What are WAVe’s key features?

At this early stage, WAVe’s publicly available features are related with data access. Users can easily browse through available genes, search for genes, view gene info and access each gene RSS feed. In WAVe’s entry page, users simply need to start typing a gene HGNC-approved symbol and several suggestions will appear: accepting one of them leads directly to the gene view page. Following the view all link, users can browse all available genes or check, for each gene, how many LSDBs and variants are available.

To access the application data, users just need to navigate in the gene tree. Each tree node represents a distinct data type and the various leaf provide access to external applications: by clicking a leaf, the destination page is loaded in the main content area. Repeating this process, users can navigate in the dozens of listed links for each gene.

WAVe also offers its core data to other developers. To obtain the gene tree and its links, users just need to add the rss tag to the end of gene address. This will output a RSS2.0 feed that can be easily parsed by any application or added to a feed reader.

How was WAVe born?

The european GEN2PHEN project is an initiative to link, as deeply as possible, data from genotype features to its phenotype counterparts. The first step consisted in an attempt to improve various genomic variation resource scenarios. This implied normalizing LSDBs (the “LSDB-in-a-box” approach, LOVD) and defining novel data models and formats for data exchanges from and to LSDBs.

In a long term perspective, applying the GEN2PHEN-approved data models, will enhance the creation of new services and applications to integrate and interact with the exponentially growing dataset of genomic variation data.

With WAVe we tried a different approach based on three questions: why wait for everyone to adopt these new formats? What will happen to legacy LSDBs that won’t adopt the new formats? How can we have an immediate solution? We have created a lightweight integration architecture, based on links to applications and adopted a simple (yet familiar) tree-based navigation interaction to deploy a new application that can be used right now and will easily scale to integrate the foreseen data exchanges formats. Technical details aside, based on a manually curated LSDB list, we can connect and integrated any kind of LSDB application whether it is a modern LOVD application or a simple text-based legacy LSDB.

How is it relevant?

To demo WAVe efficiency let’s just try to perform a simple search in our lab: Are there any LSDBs for COL3A1 gene in the human species? And known variants? And what are the associated proteins and pathways?
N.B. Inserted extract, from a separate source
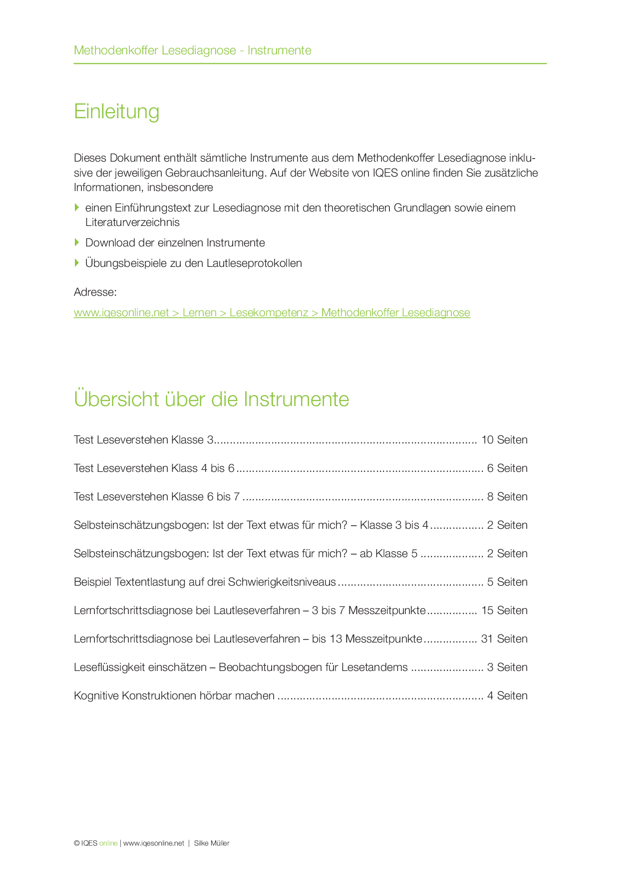 Dieses Dokument enthält sämtliche Instrumente aus dem Methodenkoffer Lesediagnose inklusive der jeweiligen Gebrauchsanleitung. Ziel ist es, damit Lesekompetenzen zu erfassen und Lernfortschritte zu dokumentieren.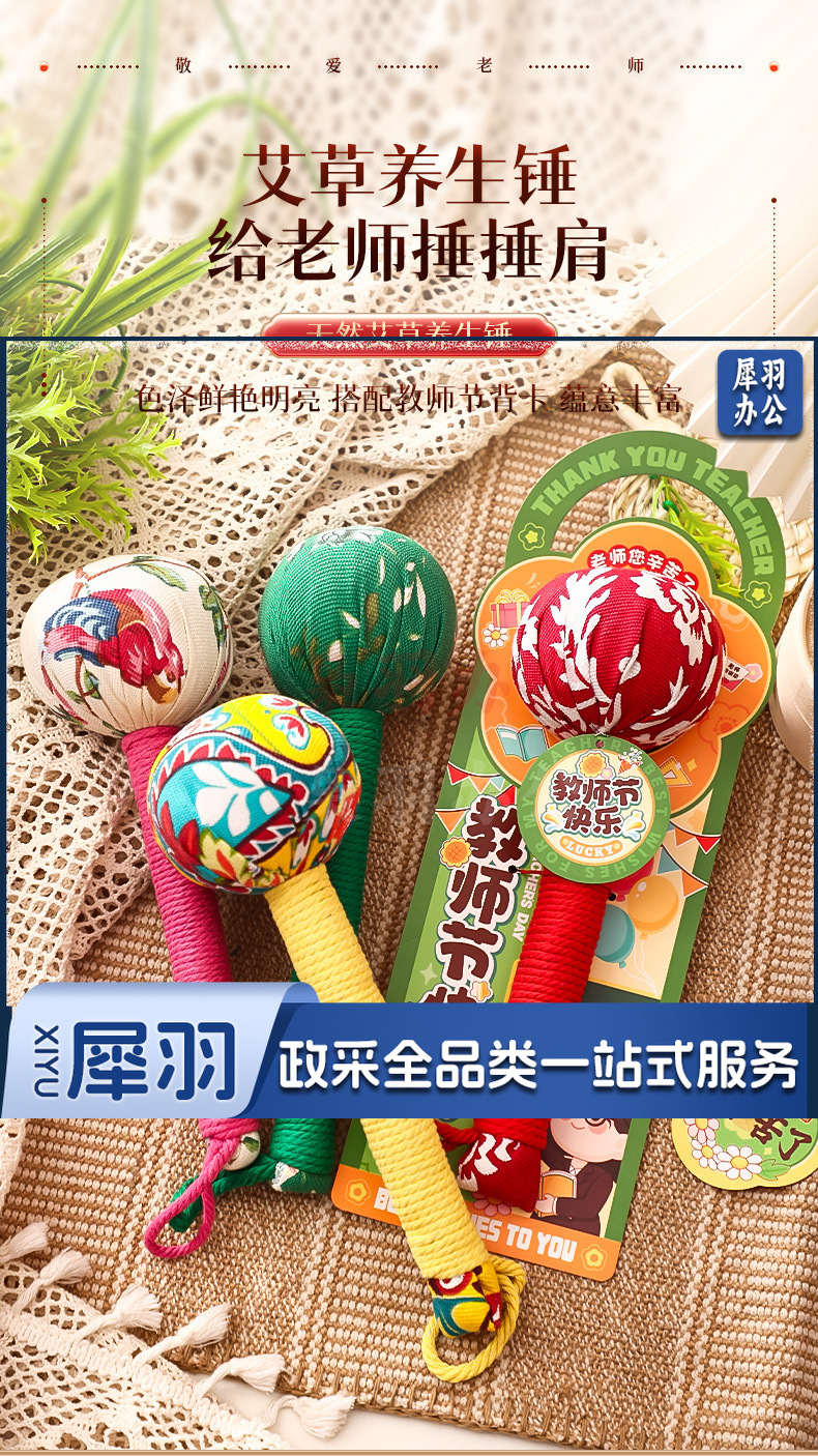 教师节礼物2025新款养生艾草锤伴手礼袋高档送男女老师实用小礼品艾草锤(柠檬黄)

In a WAVe-free scenario, to find out COL3A1 LSDBs (if any), researchers need to google it (the main COL3A1 LSDB does not appear in the first result page) or, if you they are used to it, go to HGVS site, go to the “Databases & Tools” section, select “Locus-specific Mutation Databases” and then search for the gene in search box. Now for the variants researchers just need to browse the last page they’ve just entered. How many clicks (and time!) does it take?

For protein information, researchers enter in UniProt and search for COL3A1: that gives about 29 results. Add a filter for the human species and there are 5 results. Good enough to access directly to P02461 (SwissProt reviewed). Though, there is new window/tab open. Now for pathway information, a KEGG quick search for COL3A1 lists 14 results. In the end, there are about 3 windows/tabs and made some 20 mouse clicks to obtain the desired information.

Using WAVe, researchers simply need to access WAVe, start typing the gene HGNC symbol, select COL3A1 from the suggestions and access COL3A1 page. Once in the page, it’s as easy as browsing in the tree… Variations? Check the variation node, they’re even grouped according to the change type. UniProt information? Check the protein node where you have direct access to SwissProt, TrEMBL, PDB, Expasy and InterPro. And I guess you get the picture. In the end, one window/tab and about 6/7 mouse clicks.

Other UA.PT Bioinformatics tools

At the University of Aveiro’s Bioinformatics research group we are mainly young and enthusiast computer science experts, simply trying to make biology easier (at least in terms of computer applications!). Our more relevant web-based tools include MIND (a microarray analysis tool), GeneBrowser (a gene expression tools, useful to process data gathered from systems like MIND) and QuExT (a comprehensive MEDLINE mining application).

-Pedro Lopes

Guest Post: New features at CTD – Allan Peter Davis

18 May, 2010 (00:27) | Guest Posts | By: Guest

This next post in our continuing semi-regular Guest Post series is from Allen Peter Davis, of Comparative Toxicogenomics Database (CTD) at Mount Desert Island Biological Laboratory (MDIBL). If you are a provider of a free, publicly available genomics tool, database or resource and would like to convey something to users on our guest post feature, please feel free to contact us at wlathe AT openhelix DOT com.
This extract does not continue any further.